**ABOUT THIS TASK:** With the material below, print exactly the lines between the line holding "大會在上午九點五十分進入第二" and the line holding "на її ж долю.", inclusive. Add nothing else.

Segment Start: DATA LISTING

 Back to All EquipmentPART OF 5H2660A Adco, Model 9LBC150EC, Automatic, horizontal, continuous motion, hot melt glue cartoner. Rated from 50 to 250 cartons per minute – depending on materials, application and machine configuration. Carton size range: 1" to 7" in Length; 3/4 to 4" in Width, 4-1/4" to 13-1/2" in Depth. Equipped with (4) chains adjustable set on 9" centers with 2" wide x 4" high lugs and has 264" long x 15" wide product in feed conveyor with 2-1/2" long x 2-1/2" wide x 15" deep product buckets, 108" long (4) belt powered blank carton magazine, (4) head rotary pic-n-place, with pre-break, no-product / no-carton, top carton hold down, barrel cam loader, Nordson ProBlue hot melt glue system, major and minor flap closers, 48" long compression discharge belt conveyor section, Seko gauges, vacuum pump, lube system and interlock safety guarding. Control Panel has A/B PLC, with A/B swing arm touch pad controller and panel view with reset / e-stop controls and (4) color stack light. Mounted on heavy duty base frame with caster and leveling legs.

Segment End: DATA LISTING
Segment Start: DATA LISTING

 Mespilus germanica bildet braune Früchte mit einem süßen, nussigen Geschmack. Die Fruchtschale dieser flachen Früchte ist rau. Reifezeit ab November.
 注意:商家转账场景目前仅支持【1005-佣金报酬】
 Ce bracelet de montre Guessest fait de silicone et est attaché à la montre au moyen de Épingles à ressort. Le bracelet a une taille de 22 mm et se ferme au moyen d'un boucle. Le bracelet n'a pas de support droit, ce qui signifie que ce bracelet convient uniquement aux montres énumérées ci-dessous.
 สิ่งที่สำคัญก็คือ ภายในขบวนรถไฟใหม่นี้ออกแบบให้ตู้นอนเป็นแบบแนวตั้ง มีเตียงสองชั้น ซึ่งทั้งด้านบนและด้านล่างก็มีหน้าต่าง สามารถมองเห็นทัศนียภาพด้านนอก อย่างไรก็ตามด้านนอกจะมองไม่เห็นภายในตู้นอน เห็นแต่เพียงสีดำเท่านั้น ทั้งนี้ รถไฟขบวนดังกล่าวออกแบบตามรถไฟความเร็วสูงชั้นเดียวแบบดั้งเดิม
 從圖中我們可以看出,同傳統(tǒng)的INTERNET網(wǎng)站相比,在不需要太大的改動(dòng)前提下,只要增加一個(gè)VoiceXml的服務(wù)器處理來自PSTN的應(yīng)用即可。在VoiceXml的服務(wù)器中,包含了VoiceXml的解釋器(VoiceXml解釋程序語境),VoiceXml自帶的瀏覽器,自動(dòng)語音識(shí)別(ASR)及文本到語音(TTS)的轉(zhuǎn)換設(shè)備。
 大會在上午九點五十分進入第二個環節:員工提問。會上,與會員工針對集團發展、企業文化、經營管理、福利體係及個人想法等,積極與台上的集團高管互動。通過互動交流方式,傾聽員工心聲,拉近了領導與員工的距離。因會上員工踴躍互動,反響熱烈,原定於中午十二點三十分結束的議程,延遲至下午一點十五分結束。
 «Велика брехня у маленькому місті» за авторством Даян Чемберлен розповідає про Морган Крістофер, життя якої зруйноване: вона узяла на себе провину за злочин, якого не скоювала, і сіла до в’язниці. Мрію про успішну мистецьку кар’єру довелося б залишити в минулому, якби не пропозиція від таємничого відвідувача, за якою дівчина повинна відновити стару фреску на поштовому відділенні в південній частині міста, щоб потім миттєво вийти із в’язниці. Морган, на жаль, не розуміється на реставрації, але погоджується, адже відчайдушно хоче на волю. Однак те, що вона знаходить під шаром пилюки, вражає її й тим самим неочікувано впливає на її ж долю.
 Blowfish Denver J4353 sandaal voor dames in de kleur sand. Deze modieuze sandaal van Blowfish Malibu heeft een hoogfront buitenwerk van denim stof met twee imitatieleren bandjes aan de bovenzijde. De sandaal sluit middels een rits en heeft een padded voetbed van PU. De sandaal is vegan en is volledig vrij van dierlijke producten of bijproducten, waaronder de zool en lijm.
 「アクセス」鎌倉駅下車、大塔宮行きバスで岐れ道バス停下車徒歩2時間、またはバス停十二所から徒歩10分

Segment End: DATA LISTING

**WRITTEN ANSWER:**
 大會在上午九點五十分進入第二個環節:員工提問。會上,與會員工針對集團發展、企業文化、經營管理、福利體係及個人想法等,積極與台上的集團高管互動。通過互動交流方式,傾聽員工心聲,拉近了領導與員工的距離。因會上員工踴躍互動,反響熱烈,原定於中午十二點三十分結束的議程,延遲至下午一點十五分結束。
 «Велика брехня у маленькому місті» за авторством Даян Чемберлен розповідає про Морган Крістофер, життя якої зруйноване: вона узяла на себе провину за злочин, якого не скоювала, і сіла до в’язниці. Мрію про успішну мистецьку кар’єру довелося б залишити в минулому, якби не пропозиція від таємничого відвідувача, за якою дівчина повинна відновити стару фреску на поштовому відділенні в південній частині міста, щоб потім миттєво вийти із в’язниці. Морган, на жаль, не розуміється на реставрації, але погоджується, адже відчайдушно хоче на волю. Однак те, що вона знаходить під шаром пилюки, вражає її й тим самим неочікувано впливає на її ж долю.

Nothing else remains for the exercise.